Problem 3, Cafe wait times
(i) n = 4+9+12+15+8+2+1 = 51. Σ(f×x) = 4(2)+9(3)+12(4)+15(5)+8(6)+2(7)+1(8) = 8+27+48+75+48+14+8 = 228. Mean = 228 / 51 = 4.5 min (1 d.p.).
(ii) Modal wait time = 5 minutes (highest frequency, f = 15).
(iii) Median position = (51+1)/2 = 26th. Cumulative frequencies: 4, 13, 25, 40, 48, 50, 51. The 26th value falls in the "5 min" class (positions 26-40). Median = 5 minutes.
Problem 4, Landscaping wages
(i) Σ = $12,520. Mean = $12,520 / 10 = $1,252. Median = (5th + 6th) / 2 = ($1,000 + $1,020) / 2 = $1,010. Mode = both $960 and $980 (and $1,020) appear twice, strictly the data is multi-modal; quoting "$960 and $980" is acceptable.

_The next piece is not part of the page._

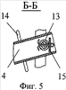 Для перевода устройства в нерабочее положение оператор педалью 11 поворачивает вал 10 до опирания педали на пол вагона, что обеспечивает выход вала из контакта с боковой частью направляющей 7. При этом С-образный зацеп вала 9 выходит из зацепления с направляющей 7, а наружный конец штанги 6 получает возможность перемещения вдоль нее. Далее, используя подножку 5, оператор выдвигает скобу 1 из зазора между колесом и кузовом на наружный конец штанги 4, поворачивает штангу до выхода вала 13 из зацепления с направляющей 8, и, перебросив внутренний конец штанги через направляющую 8 (за счет вертикального перемещения вокруг шарика на валу 9), поворачивает ее до зацепления крюка 14 с наружной направляющей 7. В процессе поворота освободившийся внутренний конец штанги опирается на нижнюю часть крюка 14 (фиг.4), удерживая штангу в горизонтальном положении и исключая при этом заклинивание наружного конца штанги 4 на валу 9. При этом имеющийся на штанге фиксатор 15 (фиг.3 и фиг.5) в процессе поворота штанги в рабочее положение ориентирует вал 13 его С-образным зацепом на горизонтальную полку направляющей 8, предотвращая возможность самопроизвольного разворота вала в нерабочее положение.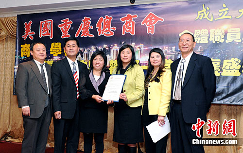 当地时间11月12日晚,美国重庆总商会在纽约宣布成立。包括中国驻纽约总领馆领事胡爱民、纽约市议员顾雅明、纽约州众议员孟昭文等200余人参加了就职典礼。张孟娜出任首届美国重庆总商会会长。中新社发 龚文谟 摄

(ii) Quote the median ($1,010). The mean is distorted by the owner's $3,500; the median sits squarely in the worker pay range.
(iii) New Σ = $12,520 − $3,500 = $9,020. New mean = $9,020 / 9 = $1,002.22. Removing the owner dropped the mean by about $250, confirming the mean was being inflated by the outlier.
Problem 5, Grouped retail times
(i) Σf = 8+22+30+15+5 = 80. Σ(f×x) = 8(4.5)+22(14.5)+30(24.5)+15(34.5)+5(44.5) = 36 + 319 + 735 + 517.5 + 222.5 = 1,830. Estimated mean = 1,830 / 80 = 22.9 min.
(ii) Modal class = 20 - 29 min (f = 30). Tells the manager that the most common length of stay is about 20-29 min, useful for staffing the floor during the heaviest browsing window.
(iii) It is an estimate because we assumed every customer in a class spent exactly the midpoint time, in reality their times are spread across each class, and the true individual values are not known from the table alone.